**Source data:**
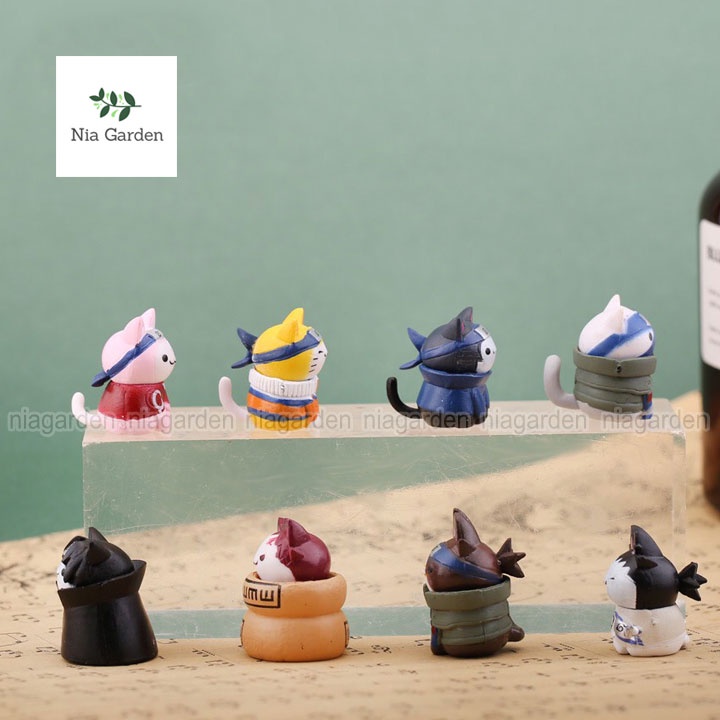 Mô hình mèo cosplay Naruto trang trí tiểu cảnh chậu cây mini để bàn Nia Garden N5
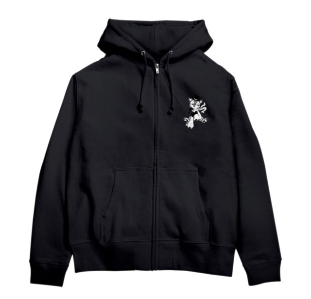 けーごのオリジナルくまキャラクターのジップアップパーカー ブラック
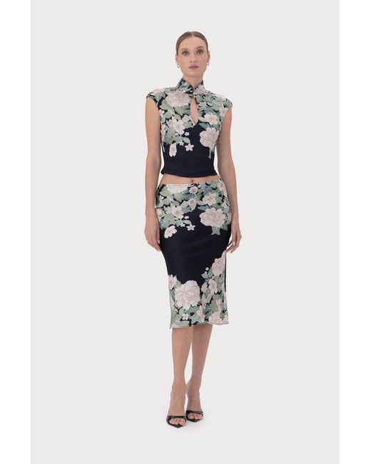The Dara top is a cheongsam-inspired design with cap sleeves, crafted from luxurious satin featuring a peony-inspired hand-placed print for each piece. The refined mandarin collar and low keyhole details add contemporary appeal, making this top the perfect complement to the Dara skirt.
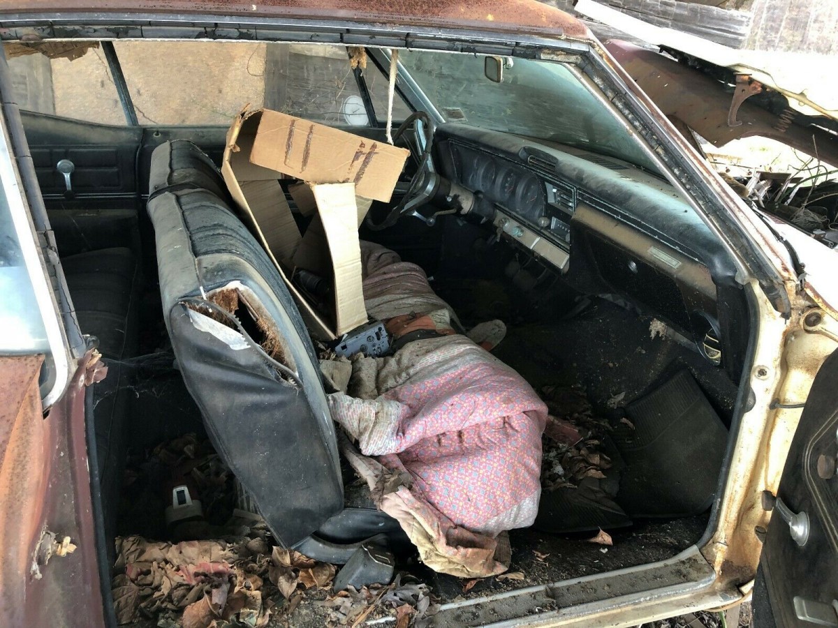 @Gaspumpchas U can see plenty of the passenger side if’n you open the eBay listing. One can almost smell the bird droppings through the computer! So looking at the interior this is an air conditioned car, dash pad looks perfect. Riding on Buick Riviera wheels. Looks like it was someone’s baby for a little while. Never realized without the end caps on the rear fenders and taillight panel how much this body looks like a Pontiac Catalina or Bonneville from the same era.
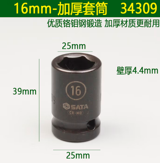 • 商品名称:世达工具 34309 1/2"系列六角风动套筒16MM
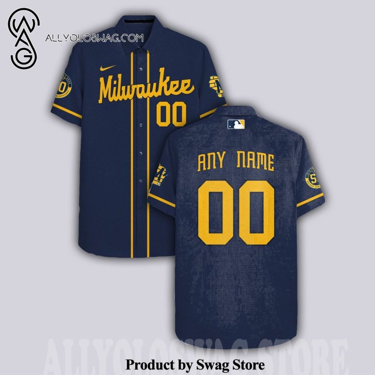 Some details about our product [Top-selling] Personalized Milwaukee Brewers All Over Print Hawaiian Shirt – Navy
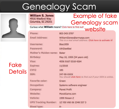 Deceptive genealogy scammers often launch fraudulent websites aimed at extracting your personal and financial information. These con artists specifically target individuals passionate about tracing their lineage and lure them into registering on their spurious platforms. Registrants typically find themselves paying exorbitant fees for fabricated genealogical reports that, more often than not, lack any factual basis. Beyond monetary loss, these sites serve as data mines, gathering personal details which can then be used for identity theft. If you resist registering, these scammers might attempt a different tactic: reaching out via personal emails. They might spin tales about an ancestral inheritance or claim you're entitled to the estate of a distant relative from overseas. Usually, such conversations are anchored on the premise of you parting with money, either for registration fees or to process an inheritance that, unsurprisingly, never materializes.
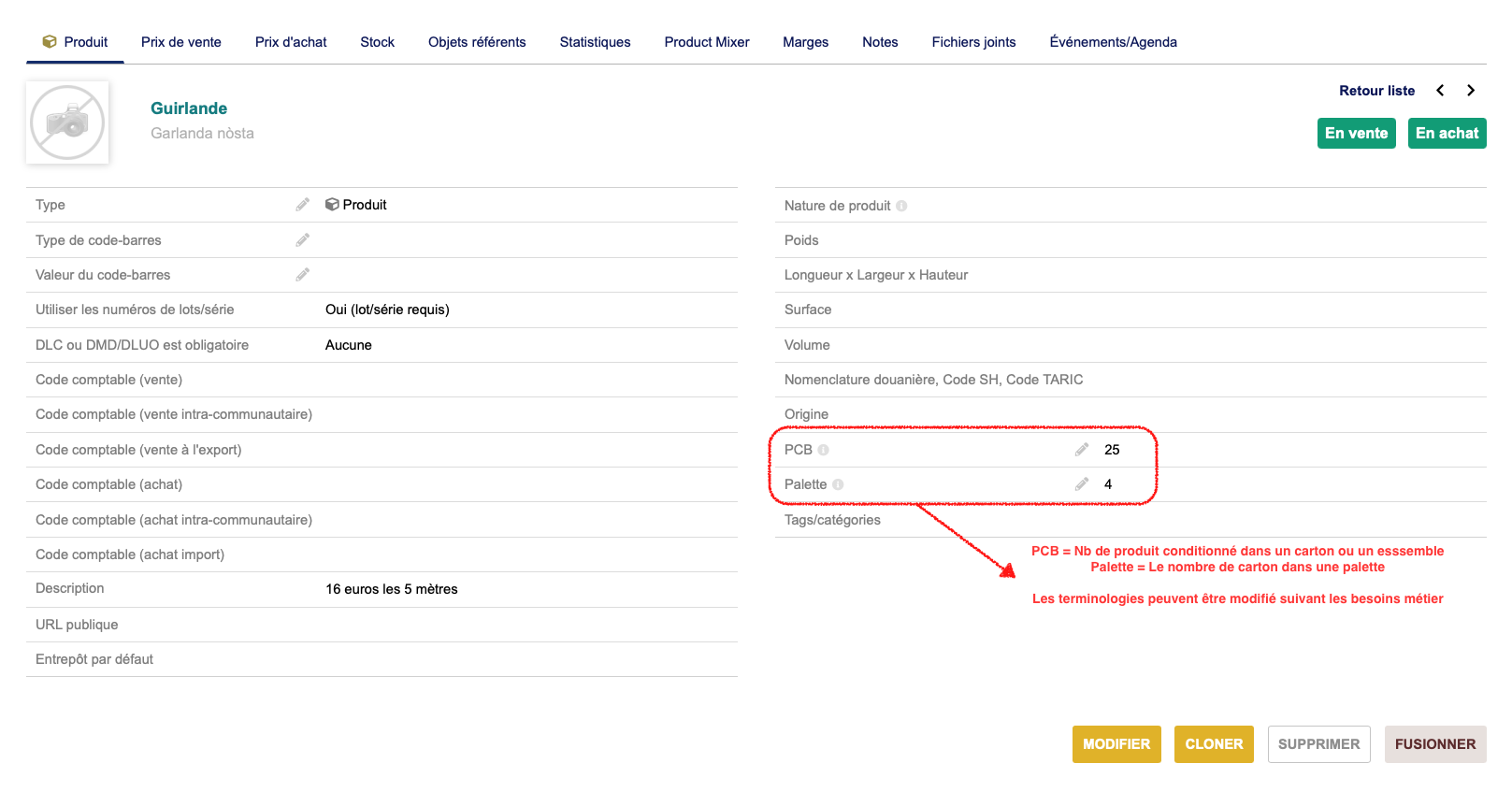 Cette flexibilité s’étend à la gestion des codes logistiques (UC, CO) et des niveaux de conditionnement — notamment le PCB (nombre de conditionnements par carton/boîte) et le PCC (nombre de cartons par palette) — permettant d’utiliser un même code ENA13 et de réduire les complexités liées aux variations de conditionnement.

**Problem:** Where a picture appears in the records above, omit it, and transcribe exactly the stretch of lines from the one with "けーごのオリジナルくまキャラクターのジップアップパーカー ブラック" through the one with "The Dara top".

**Answer for this exercise:**
 けーごのオリジナルくまキャラクターのジップアップパーカー ブラック
The Dara top is a cheongsam-inspired design with cap sleeves, crafted from luxurious satin featuring a peony-inspired hand-placed print for each piece. The refined mandarin collar and low keyhole details add contemporary appeal, making this top the perfect complement to the Dara skirt.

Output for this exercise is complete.